Start of Material provided

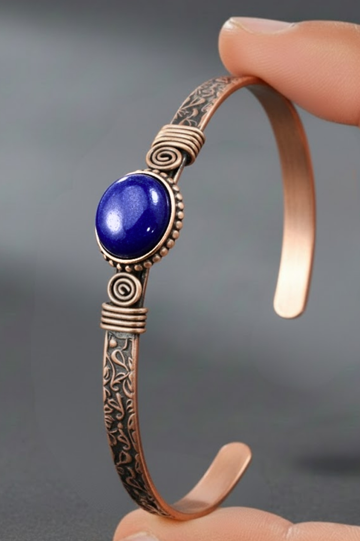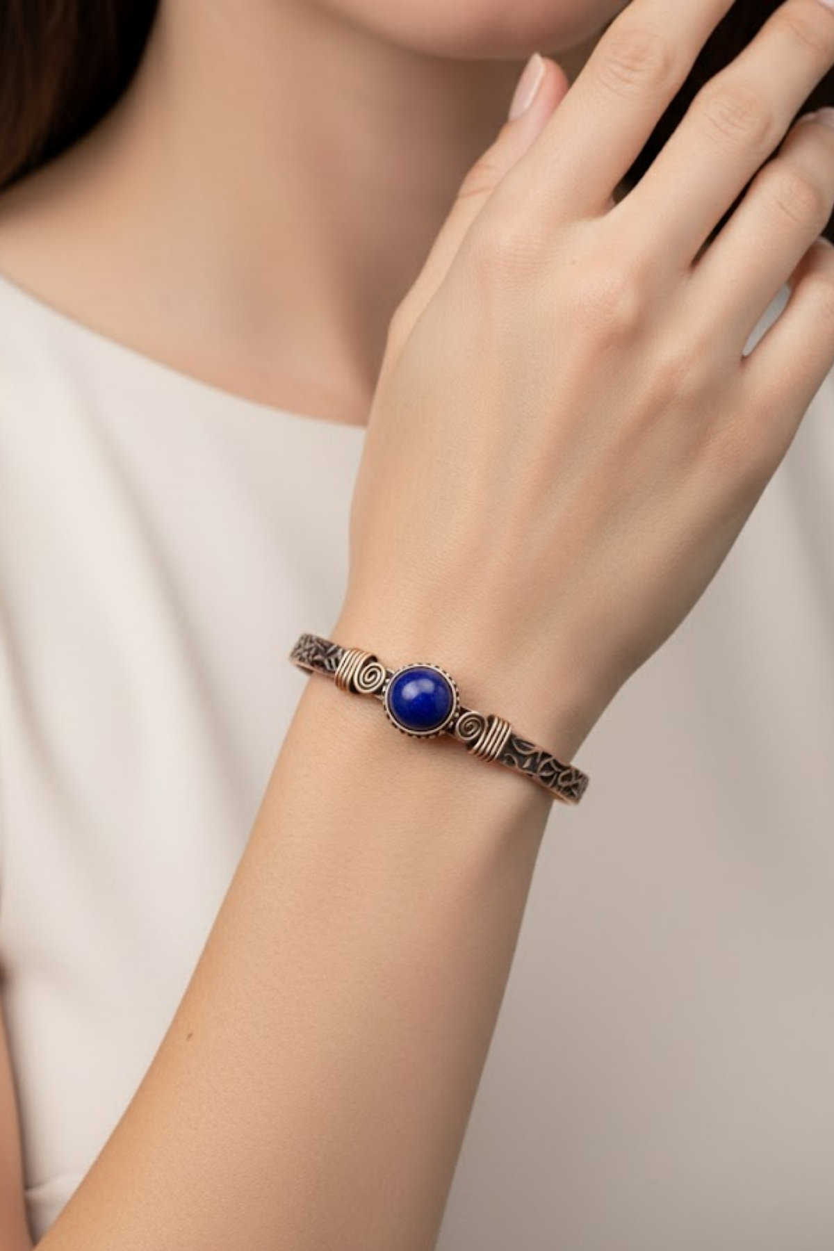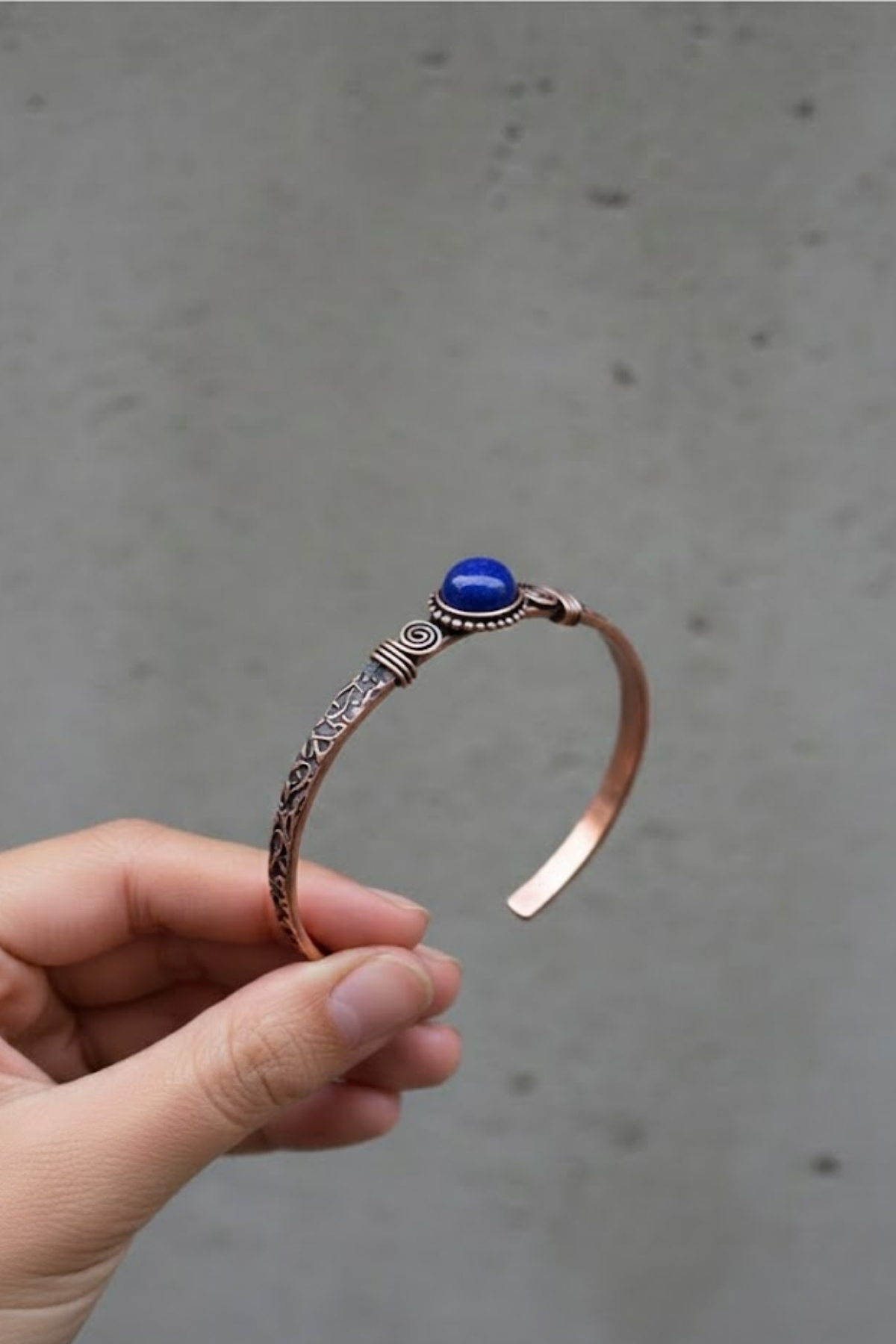 Handmade Copper Bracelet with Lapis Stone – Wisdom, Elegance and Authentic Style
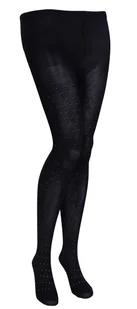 Jedna para delikatnych, czarnych rajstop w powtarzający się wzór srebrnych kropek. Bardzo wygodne, nieuciskowe, wykonane z miękkiego i miłego w dotyku materi...
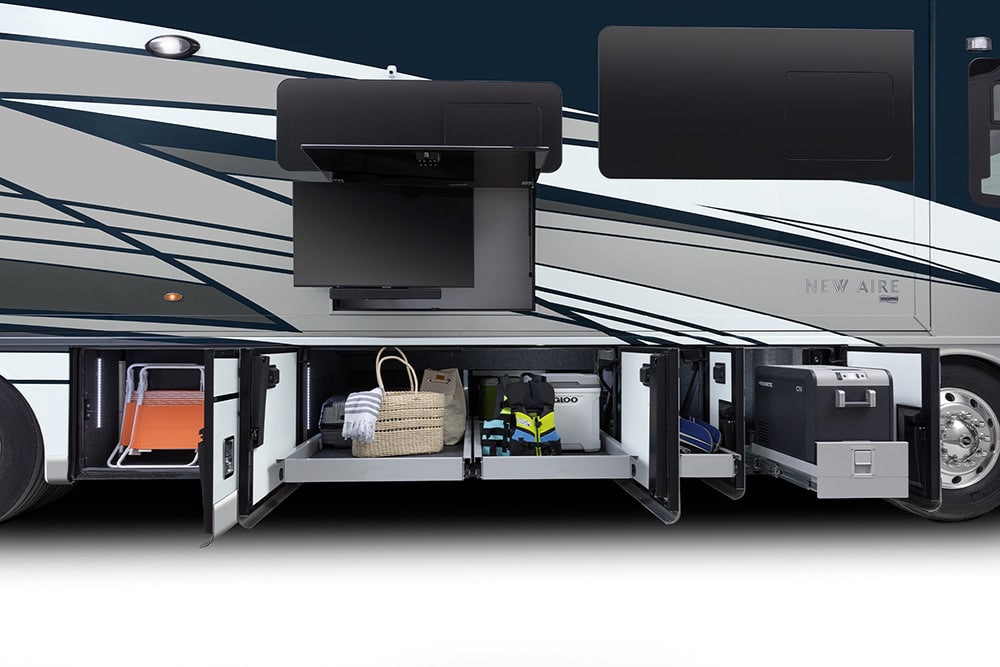 Tο νέο New Aire είναι γεμάτο με καινοτόμα χαρακτηριστικά και τεχνολογίες. Από την καμπίνα, με ραδιόφωνο Xite Dash με διπλές οθόνες 10 ιντσών, Nav-N-Go Navigation και Apple CarPlay μέχρι την καμπίνα με το τζάκι, την τηλεόραση LED Samsung 50 ιντσών και τα παράθυρα που παραπέμπουν σε σουίτα, το New Aire δεν τσιγκουνεύεται τις ανέσεις. Σε κάνει κυριολεκτικά να νιώθεις ότι ταξιδεύεις έχοντας πάρει μαζί το σπίτι σου. Όταν θελήσεις να χαλαρώσεις μπορείς να αναπαυτείς στους δερμάτινους καναπέδες του ή να μπεις για μπάνιο στην υπερσύγχρονη ντουζιέρα του. Στη συνέχεια, έχεις τη δυνατότητα να απολαύσεις το φαγητό στην άνετη τραπεζαρία και ακολούθως να πλύνεις τα ρούχα σου στο πλυντήριο-στεγνωτήριο που διαθέτει. Αφού λοιπόν κάνεις όλα αυτά, μπορείς να βυθιστείς στο King-Size κρεβάτι του.
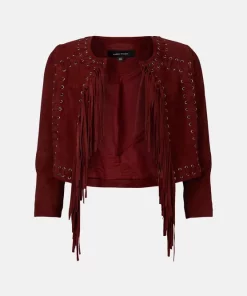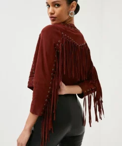 Add modern movement to any look with this luxurious suede jacket. Cropped for a contemporary finish, it shows off swishing tassels and silver-toned eyelets that instantly catch the eye. Wear it with all-black ensembles to try out the of-the-moment Western trend this spring.
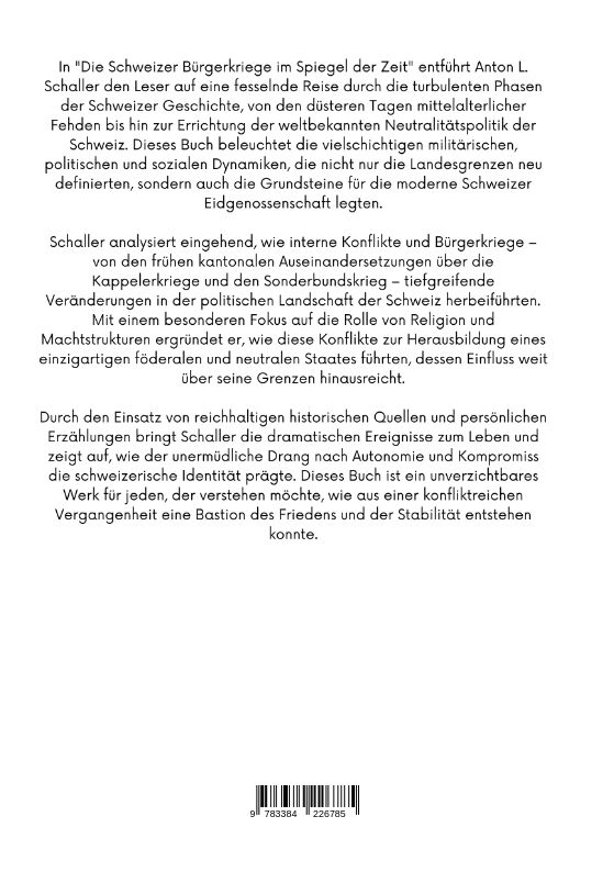In "Die Schweizer Bürgerkriege im Spiegel der Zeit" entführt Anton L. Schaller den Leser auf eine fesselnde Reise durch die turbulenten Phasen der Schweizer Geschichte, von den düsteren Tagen mittelalterlicher Fehden bis hin zur Errichtung der weltbekannten Ne...

End of Material provided

Problem to solve: Give back all of the entries above exactly, with the pictures excluded.

Finished exercise:
 Handmade Copper Bracelet with Lapis Stone – Wisdom, Elegance and Authentic Style
 Jedna para delikatnych, czarnych rajstop w powtarzający się wzór srebrnych kropek. Bardzo wygodne, nieuciskowe, wykonane z miękkiego i miłego w dotyku materi...
 Tο νέο New Aire είναι γεμάτο με καινοτόμα χαρακτηριστικά και τεχνολογίες. Από την καμπίνα, με ραδιόφωνο Xite Dash με διπλές οθόνες 10 ιντσών, Nav-N-Go Navigation και Apple CarPlay μέχρι την καμπίνα με το τζάκι, την τηλεόραση LED Samsung 50 ιντσών και τα παράθυρα που παραπέμπουν σε σουίτα, το New Aire δεν τσιγκουνεύεται τις ανέσεις. Σε κάνει κυριολεκτικά να νιώθεις ότι ταξιδεύεις έχοντας πάρει μαζί το σπίτι σου. Όταν θελήσεις να χαλαρώσεις μπορείς να αναπαυτείς στους δερμάτινους καναπέδες του ή να μπεις για μπάνιο στην υπερσύγχρονη ντουζιέρα του. Στη συνέχεια, έχεις τη δυνατότητα να απολαύσεις το φαγητό στην άνετη τραπεζαρία και ακολούθως να πλύνεις τα ρούχα σου στο πλυντήριο-στεγνωτήριο που διαθέτει. Αφού λοιπόν κάνεις όλα αυτά, μπορείς να βυθιστείς στο King-Size κρεβάτι του.
 Add modern movement to any look with this luxurious suede jacket. Cropped for a contemporary finish, it shows off swishing tassels and silver-toned eyelets that instantly catch the eye. Wear it with all-black ensembles to try out the of-the-moment Western trend this spring.
In "Die Schweizer Bürgerkriege im Spiegel der Zeit" entführt Anton L. Schaller den Leser auf eine fesselnde Reise durch die turbulenten Phasen der Schweizer Geschichte, von den düsteren Tagen mittelalterlicher Fehden bis hin zur Errichtung der weltbekannten Ne...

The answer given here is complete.